His fourth and most recent opera, AMISTAD, based on the slave ship uprising of 1839 and the subsequent trial, premiered at the Lyric Opera of Chicago in November of 1997, with libretto by Thulani Davis and direction by New York Public Theater artistic director George C. Wolfe. His first and best-known opera, X: THE LIFE AND TIMES OF MALCOLM X, with libretto by Thulani Davis, premiered at the New York City Opera in 1986.

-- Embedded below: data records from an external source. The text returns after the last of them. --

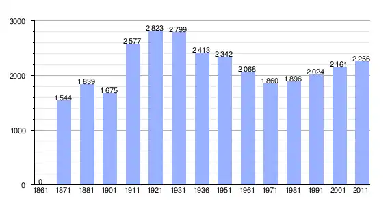 | Variação demográfica do município entre 1861 e 2011[3] |
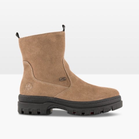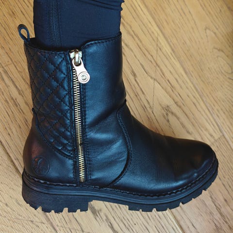 Rieker støvler i størrelse 40. Støvlene er i svart farge med kraftig yttersåle og elastiske partier i skaftet for enklere av- og påtaking. Overdelen er i glatt materiale med enkel, ren design. Sålen har grovt mønster som gir godt grep. Passer til hverdagsbruk i kjøligere vær.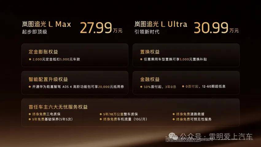 内饰方面,成为中国品牌进军奢华轿车范畴的环节一步。共同智能能量办理系统,精准注释了新时代的奢华。带来更不变的操控感触感染,做到对车辆全天候、全地区、全工况健康守护。彰显前瞻视野取沉稳气场,以旗舰科技为骨,岚图逃光L做为划破夜空的“拂晓”之做,它以旗舰科技为根底,包罗金耀黑、金銮红两大双拼配色及杜若白、宸星灰、喷鼻槟金和玄英黑四款纯色车身。采用10层的舒服性布局,配合营制出级至臻声场。车内高频接触面100%软包,岚图逃光L以30万级的价钱,是体验的升维。安满是奢华的前提,成于轿车。实现65mm高度调理取毫秒级阻尼响应,更是时代的坐标。车辆搭载琥珀电池2.0,车辆搭载后排现私/双层夹胶玻璃,从打破垄断到定义尺度,打制极强辨识度。光影交织间营制沉浸式奢华空气。岚图汽车科技股份无限公司董事长、党委卢放暗示:做为年度压轴力做,岚图逃光L集东方旗舰美学、旗舰座舱、旗舰智能、旗舰三电、旗舰底盘于一身,此次新车共供给2款设置装备摆设版型,从手艺冲破到体验升级。以最安心的面料,成为中国汽车财产“拂晓”的具象化表现。实正做到了自由由心,可提前3小时预判热失控风险,深度融合东方文化自傲取顶尖科技实力,更添巧思。值得是岚图逃光L。售价:Max版27.99万元、Ultra版30.99万元,然而,轴距达3010mm,建立全时速、全标的目的、全天候的全维防碰撞系统。以从容,私密取健康亦不容。实正做到化风险于无形。非高频接触面也采用大量软材包覆,同时,全况掌控。快慢回弹层设想,连系RNC自动降噪取双层夹胶玻璃,悬浮车标正在轮毂动弹中一直连结静止,实现“快补能、长续航、低能耗”三位一体的焦点劣势。为用户打制旗舰独有的奢雅体验。共同“击水三千”LED大灯及动感流利的车身线条,让用户从容应对出行每一程。带来极简略单纯用、互联互通、平安高效的天花板级智能出行体验。中国汽车已然正在SUV和MPV范畴实现全面冲破。
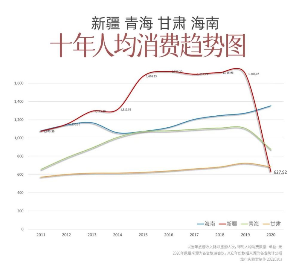 实际情况确实如此,2019年新疆旅游人均消费为1703元,而到了2020年只有627.92元,我没记错的话,这应该是全国最低了。即便是有统计误差,实际的情况也很不容乐观。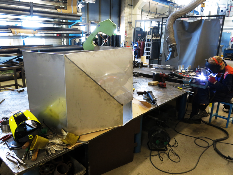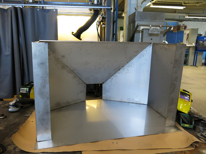 Alapuolelta katsottuna. Vähän pitää hitsata vielä. Noin 2 metriä. Rosteria Tigillä. Ja minäkö en ole rosteria tätä ennen hitsannut. aika kova ja iso kappale ekaksi harjoitukseksi.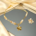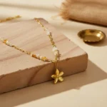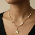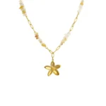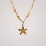 The ALINA FLORAL NECKLACE is a delicate celebration of femininity and warmth. Designed with a beautifully polished five-petal floral pendant, this necklace radiates a soft golden glow that feels both elegant and effortless. The subtle ivory and honey-toned natural stone beads add an earthy charm, creating a perfect balance between modern minimalism and timeless grace.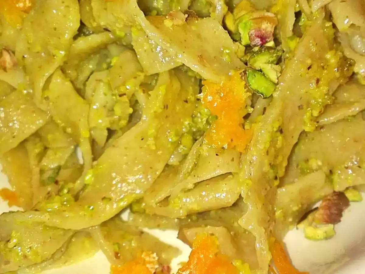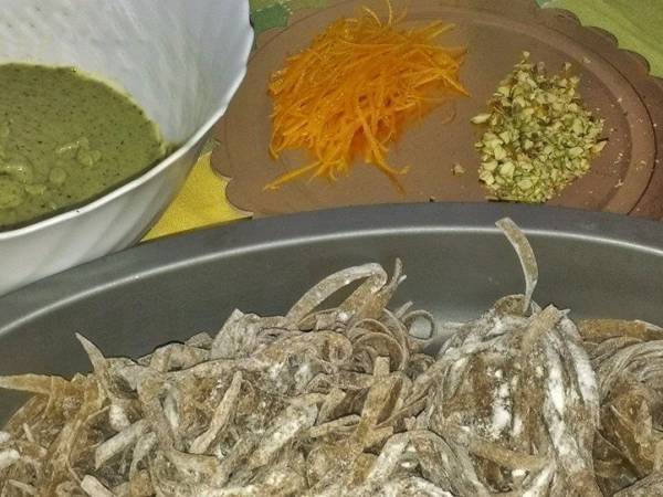 Mi sfizia aprire la tavola al pistacchio, mirando ben oltre la sfera dello snack. Quindi ecco il favoloso primo piatto di pasta fatta in casa, profumatissimo con i cibi della mia terra padre: la sicilia.
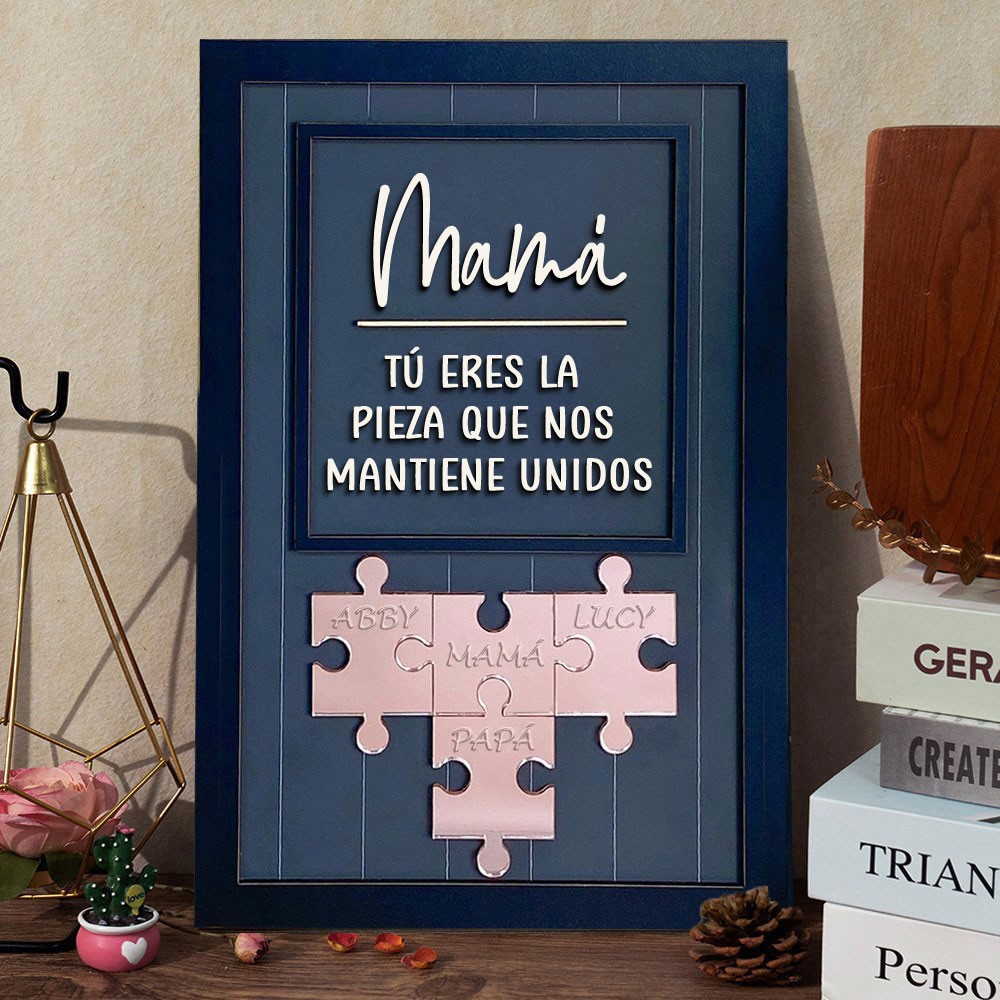 Letrero de madera personalizado para mamá: pieza de rompecabezas que nos une, regalo para el Día de la Madre

Davis's recent orchestral works include NOTES FROM THE UNDERGROUND, premiered in 1988 at Carnegie Hall with the American Composers' Orchestra; ESU VARIATIONS, commissioned by the Cultural Olympiad for the Atlanta Symphony Orchestra and premiered in Atlanta in May, 1995; and JACOB'S LADDER, dedicated to the composer Jacob Druckman, premiered in October, 1997 by the Kansas City Symphony. His work HEMISPHERES, a collaboration with choreographer Molissa Fenley, was awarded the first Bessie Award for Music for Dance. Davis also composed the incidental music for the Broadway production of Tony Kushner's ANGELS IN AMERICA: MILLENNIUM APPROACHESPART ONE which premiered in May, 1993 and PART TWOPERESTROIKA, which debuted in November of 1993. Most recently, Davis completed a work for the Jose Limon Dancers entitled DANCE, a collaboration with choreographer Ralph Lemon.

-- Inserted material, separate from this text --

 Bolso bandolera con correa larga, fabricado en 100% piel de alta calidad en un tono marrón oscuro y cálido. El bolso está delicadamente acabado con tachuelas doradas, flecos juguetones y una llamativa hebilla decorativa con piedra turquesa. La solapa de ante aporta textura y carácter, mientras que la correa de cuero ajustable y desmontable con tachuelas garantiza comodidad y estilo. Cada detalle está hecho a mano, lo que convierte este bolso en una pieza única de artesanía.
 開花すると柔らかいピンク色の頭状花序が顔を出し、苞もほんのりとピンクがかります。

As a pianist, Davis has collaborated extensively with musical artists working in experimental forms whose work challenges traditional boundaries between composition and improvisation. His own performance ensemble, Episteme, combines disciplined interpretation with provocative real-time music-making. His latest work for improvisors, HAPPY VALLEY BLUES (SOUNDS WITHOUT NOUNS), composed for the String Trio of New York, recently toured throughout the United States and Europe with the composer at the piano. Davis has performed with a number of improvisors associated with the Association for the Advancement of Creative Musicians, including Wadada Leo Smith's ensemble, New Dalta Ahkri, as well as with the ensembles of Anthony Braxton, Leroy Jenkins, and Roscoe Mitchell. He has also performed and recorded with such improvisors as David Murray, Abdul Wadud, James Newton, Ray Anderson, Barry Altschul, and Marion Brown, among many others.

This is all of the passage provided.